- Founded: 1995
- Dissolved: 2000
- Merger of: People's Unity Assembly Members of Maulets and Catalunya Lliure
- Merged into: Endavant
- Headquarters: Barcelona
- Ideology: Catalan independence Socialism Anti-fascism Libertarian socialism Autonomism
- Political position: Left-wing
- Colors: Red Yellow Black

= Platform for the Unity of Action =

The Platform for the Unity of Action (Catalan: Plataforma per la Unitat d'Acció, PUA) was an independentist organisation active between 1995 and 2000. The PUA was created by ex-members of People's Unity Assembly, the Maulets, different local political organisations and Catalunya Lliure. One of the main reasons the PUA was formed was to oppose the approaching of a sector of the Catalan independentist left to the Republican Left of Catalonia (ERC).
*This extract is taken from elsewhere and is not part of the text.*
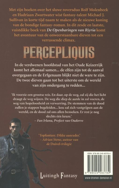 Met zijn boeken over het sluwe roversduo Rolf Molenbeek en Hadriaan Zwartwater wist Michael J. Sullivan in korte tijd naam te maken als de nieuwe koning van avontuurlijke fantasyromans. In dit zesde en laatste deel van De Openbaringen van Riyria komt het avontuur van de onweerstaanbare dieven tot een verrassende climax.
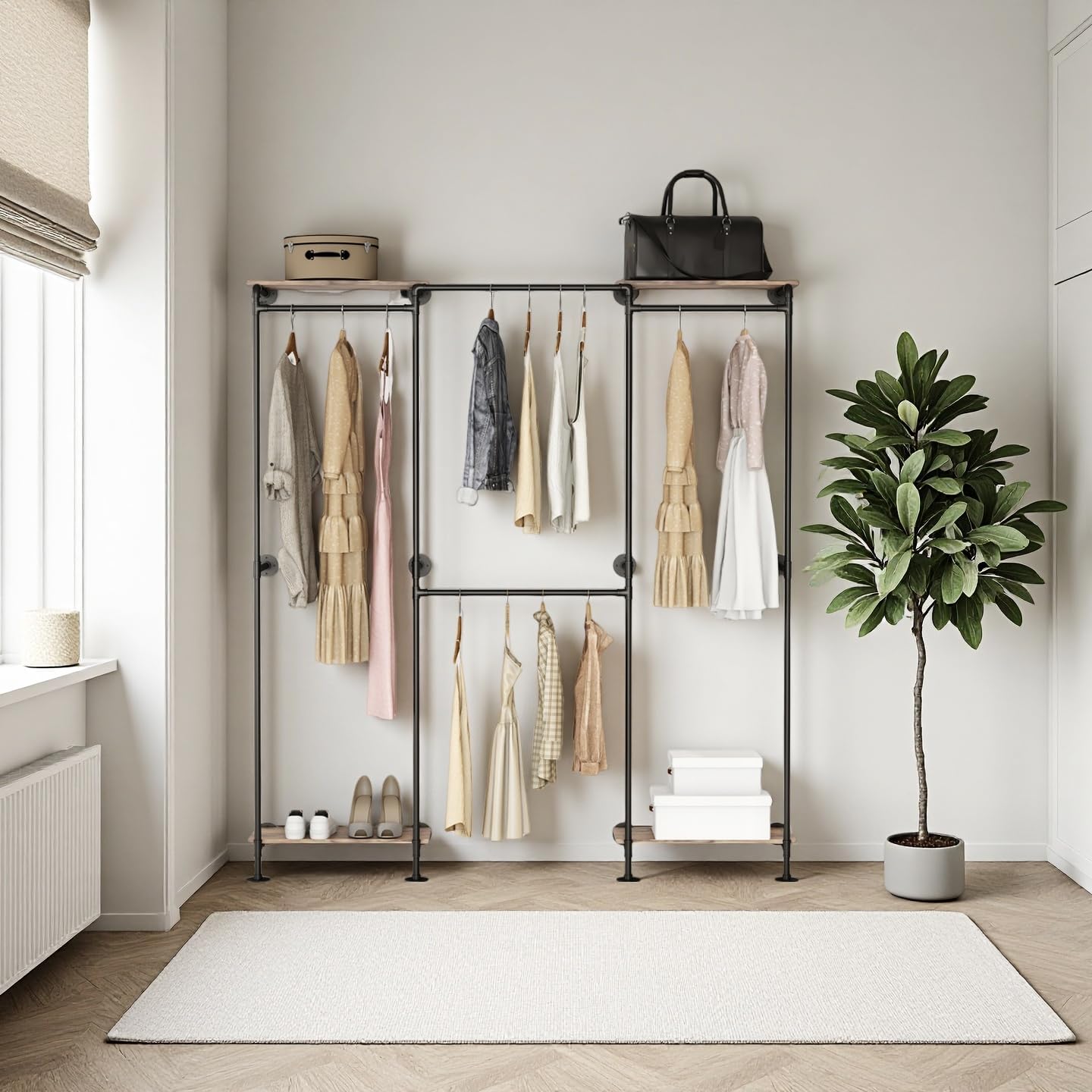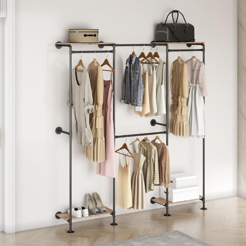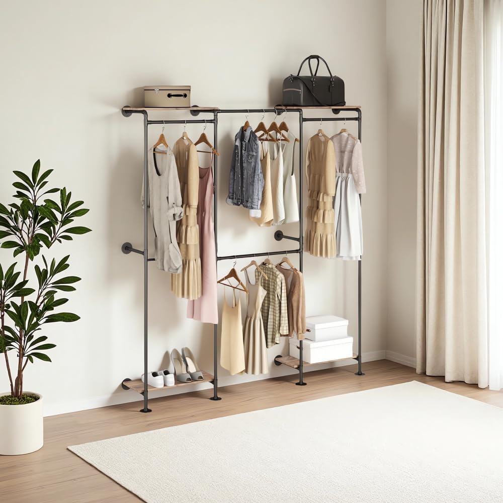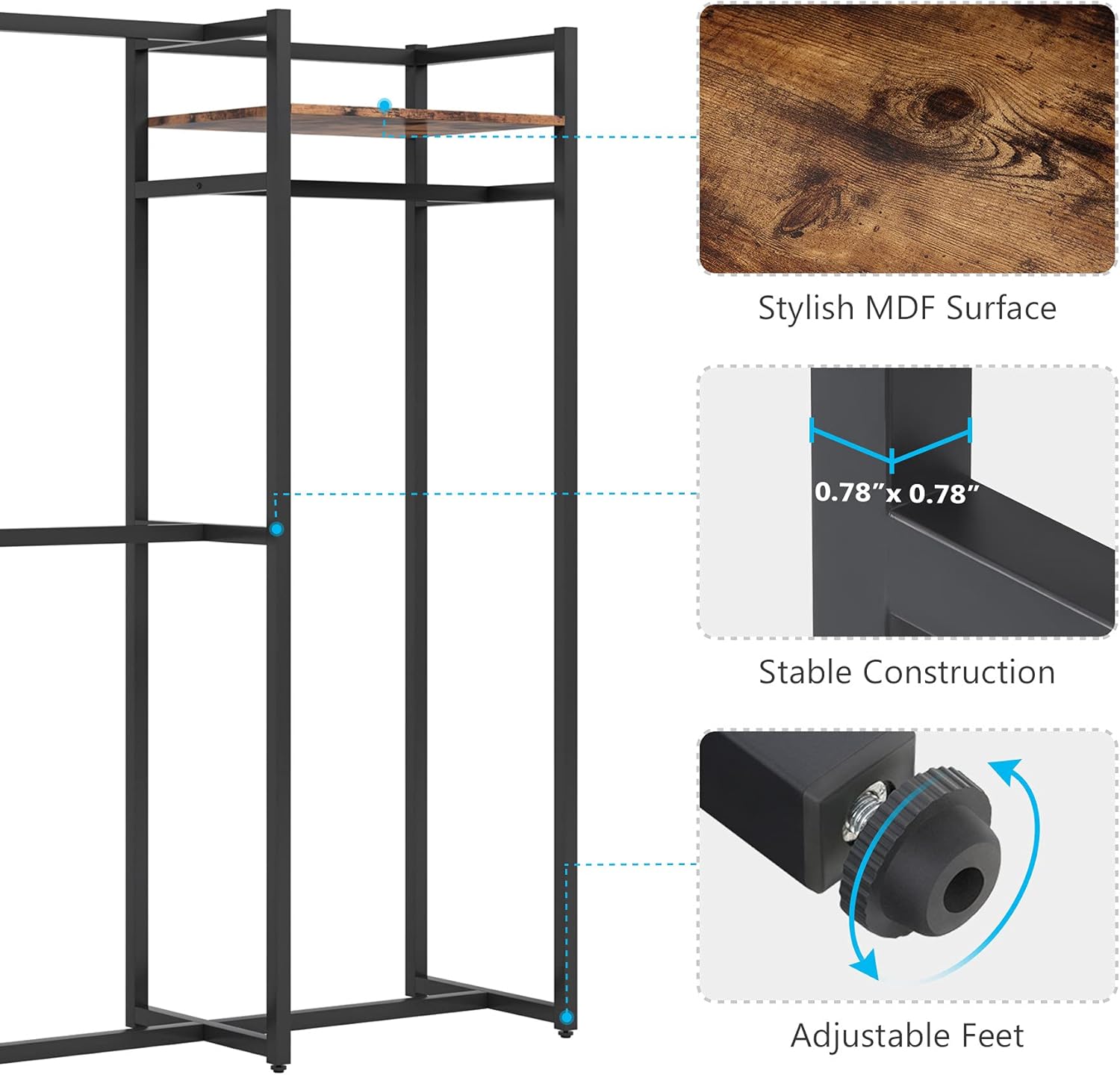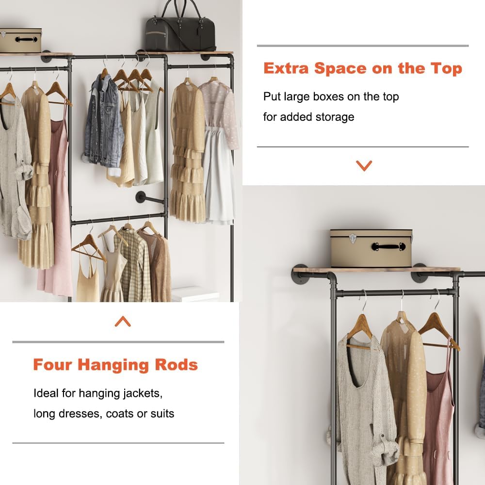 Tribesigns Garment Rack Heavy Duty Clothes Rack, Free Standing Closet Organizer with Shelves and Hanging Rod, Large Metal Clothing Rack for Hallway, Bedroom, Max Load 500Lbs (Dark Black)

The following years the PUA experienced a big growth, based on local groups, formed mostly by young people, and participated in the social movements of the late 90s, like the movement against temporary employment or the Okupa (political squatting movement).

In 2000 the organisation considered that its organisational model was becoming obsolete, and that there was a need of establishing more solid and appropriate organisational structures. Therefore, in June 2000, the PUA dissolved itself and formed Endavant.